I am brought back to John Lennon’s thought that the world is run by insane people for insane purposes (https://youtu.be/YspNkm0BKgw). The intellectual refinement and seriousness of the mentalities that carry on the complex and sober work of perpetuating the objectively insane obsession with political domination for exclusionary wealth accumulation — most heinous when self-focussed, but understandably forgivable when aimed at poverty reduction nationally — is breathtaking for its utter disregard to its consequent destruction of our planet. This is “circling the drain-hole” terminal addiction on its grandest scale.
Federal Secrecy Protects the Crimes of Every President
James Bovard shines a strong light on the putrefaction of American democracy by its envelopment with the hyphae of the “classification” of rightly public information as “state secrets.” Very little of the information generated by government activities needs to be classified either for public safety or the defense of the Constitution (remember, the two official duties and purposes of the USG and its officers) against the attempted hostile actions by ‘enemies’ (who they?) of the American people.
I once had large locking safes filled with blueprints and computer printouts of engineering details of nuclear explosive devices (a.k.a. “bombs”), and I agree those should be classified. But even so, if such blueprints were posted on the internet it might do less for nuclear proliferation than you might imagine.
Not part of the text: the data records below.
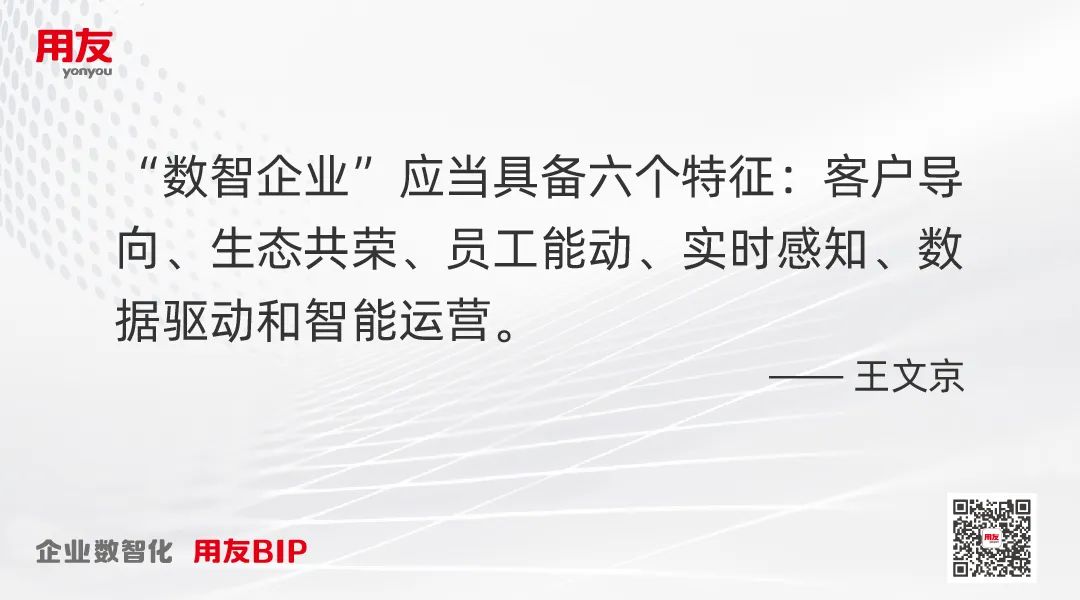 企业推进数智化,,实际上就是要把企业从现有的发展,,,,推进转变为一个“数智企业”,,那么,,,,什么是“数智企业”???王文京认为,,,,区别于非数智企业,,“数智企业”应当具备六个特征:客户导向、、、、生态共荣、、员工能动、、、、实时感知、、数据驱动和智能运营。。成为“数智企业”,,,,是为了给企业创造更大的价值,,,,最终的目标是为了企业实现高质量发展,,,,让企业有更高的经营绩效,,,有更强的竞争优势,,以及更可持续的发展。。。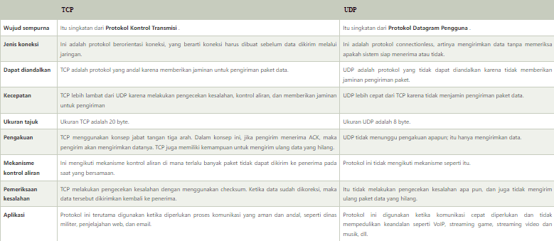 Mari kita lihat perbedaan antara TCP dan UDP dalam bentuk tabel.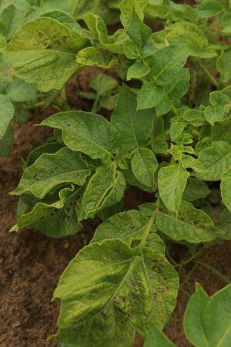 In potatoes, zinc deficiency symptoms are variable. Generally the leaves are smaller and the plants are stunted in growth.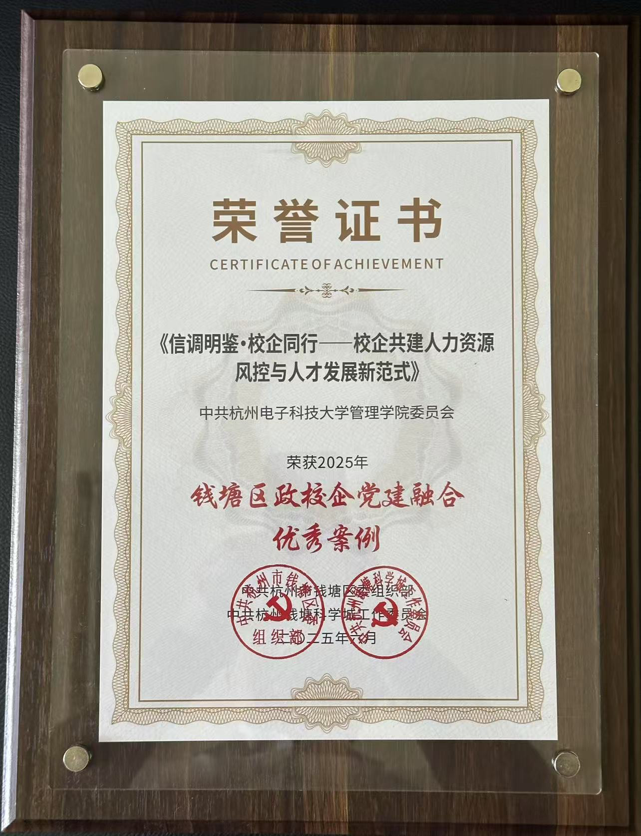近日,2025钱塘区政校企党建融合优秀案例榜单新鲜出炉,学院党委与杭州有才信息技术有限公司(以下简称“i背调)合作的“信调明鉴·校企同行”党建品牌强势上榜,斩获优秀案例荣誉称号!这项荣誉不仅是对学院党建工作的高度认可,更是校企携手在人才培养、科研创新等领域交出的亮眼答卷。
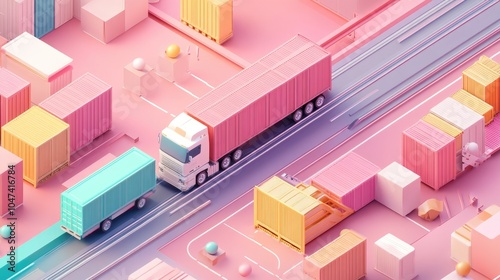 Cargo transport in import-export logistics flat design top view navigation theme 3D render colored pastel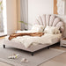 Queen Size Upholstered Platform Bed With Flower Pattern Headboard - Beige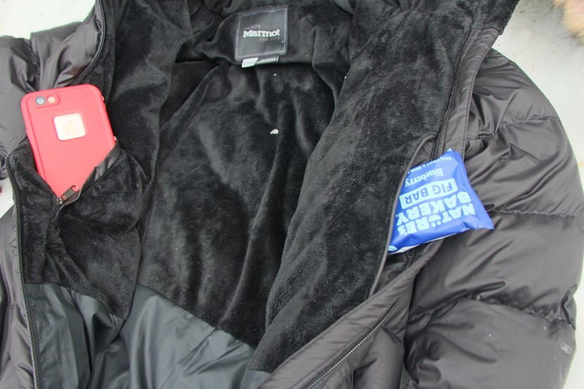 The exterior pockets sandwich your hands in microfleece, and it's terrific. They are also a comfortable size and height for your hands, which is, sadly, not a given in every jacket we tested. You can even sit down with a phone or wallet in them without much discomfort. The torso, collar, and cuffs are also lined with microfleece and offer soft support that helps us face cold and stormy weather.

Certainly a few nuclear powers, like North Korea and maybe Pakistan, would be able to improve their own nuclear weapons designs from a study of the U.S. nuclear weapons technology.
But all members of the nuclear weapons club already know how to blend very high level classical physics and engineering with the use of exotic radioactive compounds, gases, metals and salts (the material guts of nuclear bombs) into the construction of functional nuclear explosives. The threat to others from Nuclear War Club members is exponentially amplified when such members also possess high-speed delivery systems with long reach (missiles, submarines and worst of all: satellite platforms).
Most states would never (well, almost never) be able to develop their own nuclear weapons even if they possessed a huge cache of “blueprints” from say the U.S. or Russia or China or England or France or Israel, because they could never mount the huge complex infrastructure necessary to manufacture nuclear explosives, nor accumulate the many exotic materials needed.
But, it is true that any state with civilian nuclear reactors could apply that technology to generate low-grade (and yet super extremely toxic and harmful) nuclear material and waste, which could be used in crude terroristic attacks. So the single best strategy for the prevention of the proliferation of nuclear terror and nuclear weapons is the strict international (U.N.) control of the possession and transport of nuclear materials. Secrecy in the operations of such a nuclear materials policing agency is certainly a public good.
But, as has long been known and which Bovard points out, government secrets in general and the explosion of “classification” by the USG in particular are mostly about embarrassment-control and impunity-perpetuation by and for the lever-pullers in governments.
And it all makes this nerdy très petit bourgeois kid from the Hippy Era, who is irrelevantly far out from the insane consensus on world management, think gratefully of Ben Ferencz, fondly of John Lennon, and wistfully of Greta Thunberg.